Data entries
_ _ _

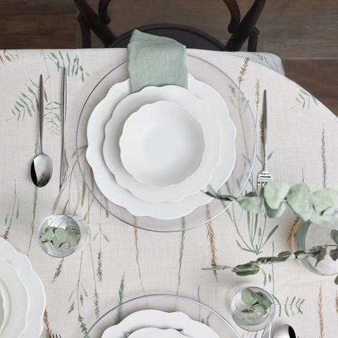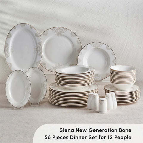 Karaca Red Carpet Collection Stream Bone China New Saturn 59-Piece Dinner Set for 12 People, White Platinum
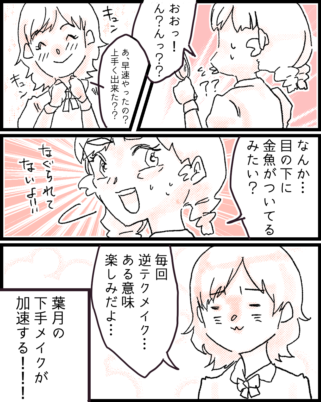 告白に失敗し、幼馴染の美心に可愛くなるコツを伝授してもらっている葉月(16)。パーソナルカラー、二重メイク、涙袋メイクを習得して練習あるのみ!な日々。告白のリベンジに向けて復習だ!©ゆに
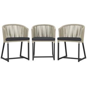 3 Cadeiras De Jantar Noronha Preta Corda Náutica E11 Trama Rami
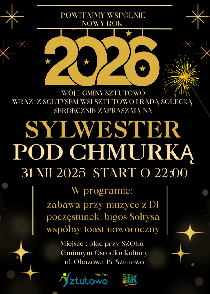 w imieniu Wójta Gminy Sztutowo oraz Sołtysa wsi Sztutowo serdecznie zapraszamy Państwa na wspólne powitanie Nowego Roku, które odbędzie się przy Gminnym Ośrodku Kultury w Sztutowie.
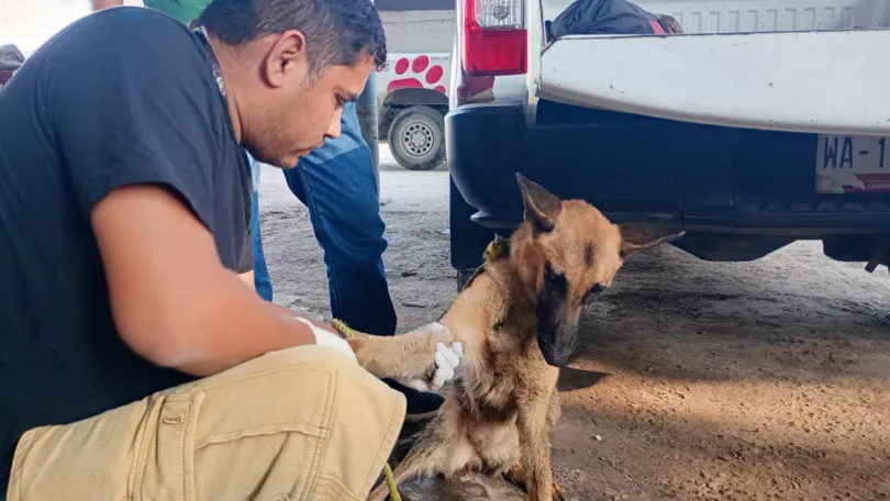 De acuerdo con el reporte, la perrita se encontraba visiblemente desnutrida y llevaba un mecate amarrado al cuello, situación que llamó la atención de los rescatistas.
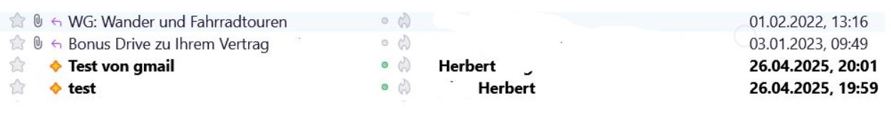 Wähle ich mich igendwo ein kommt die Bestätigung mitten in andern Mails, siehe Anhang
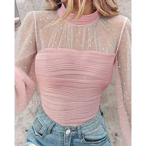 Per donna Camicia Blusa Semplice Elegante Manica Lunga Collo Alto Top Regolari Quotidiano Ferie Uscire Patchwork Rete Nero Bianco Rosa Estate Primavera
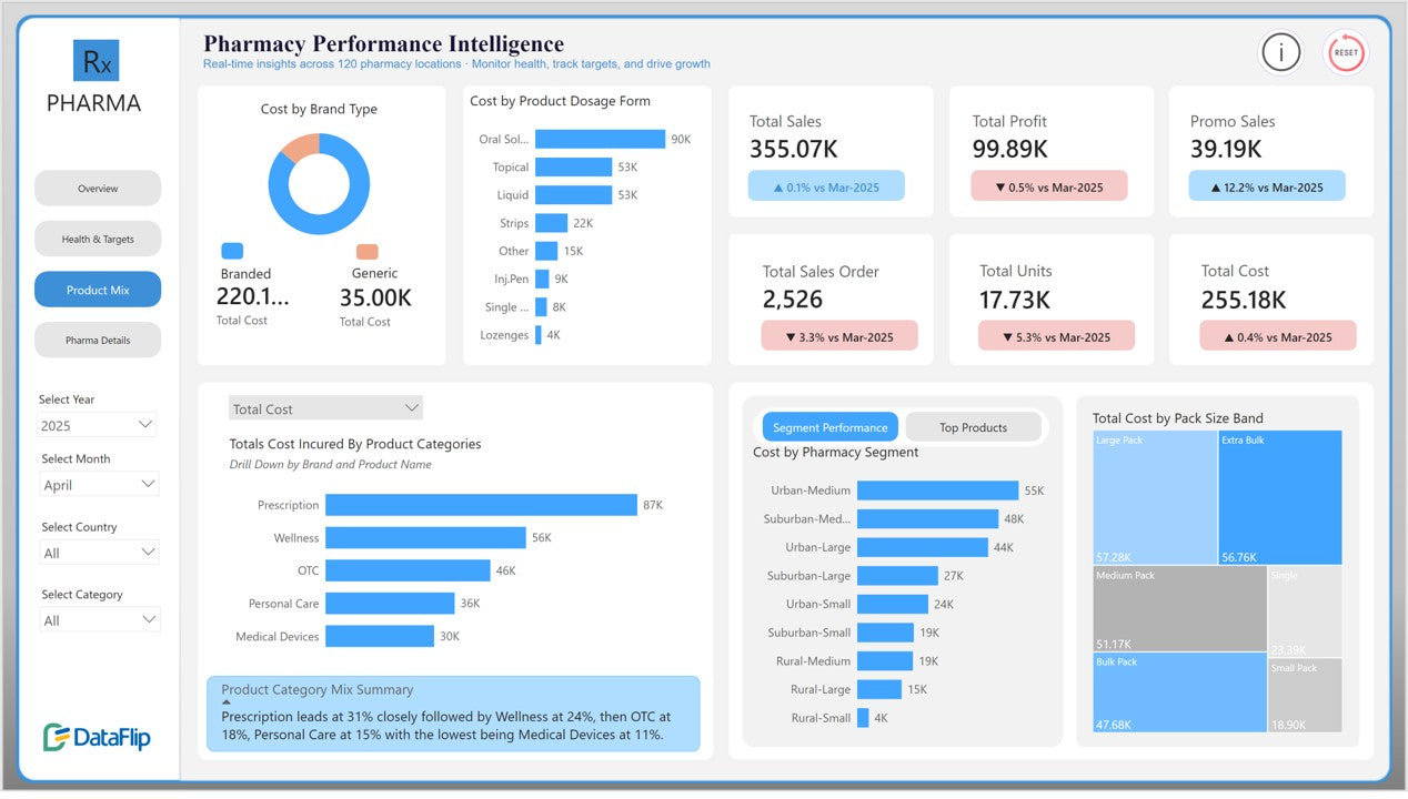 The product mix analysis reveals category contribution across prescription products, wellness items, OTC products, personal care, and medical devices, helping organizations optimize product strategy.

_ _ _

An exact copy is required of the lines from the one holding "De acuerdo con" to the end of the entries above, both included; no pictures belong in it.

[Response below]:
 De acuerdo con el reporte, la perrita se encontraba visiblemente desnutrida y llevaba un mecate amarrado al cuello, situación que llamó la atención de los rescatistas.
 Wähle ich mich igendwo ein kommt die Bestätigung mitten in andern Mails, siehe Anhang
 Per donna Camicia Blusa Semplice Elegante Manica Lunga Collo Alto Top Regolari Quotidiano Ferie Uscire Patchwork Rete Nero Bianco Rosa Estate Primavera
 The product mix analysis reveals category contribution across prescription products, wellness items, OTC products, personal care, and medical devices, helping organizations optimize product strategy.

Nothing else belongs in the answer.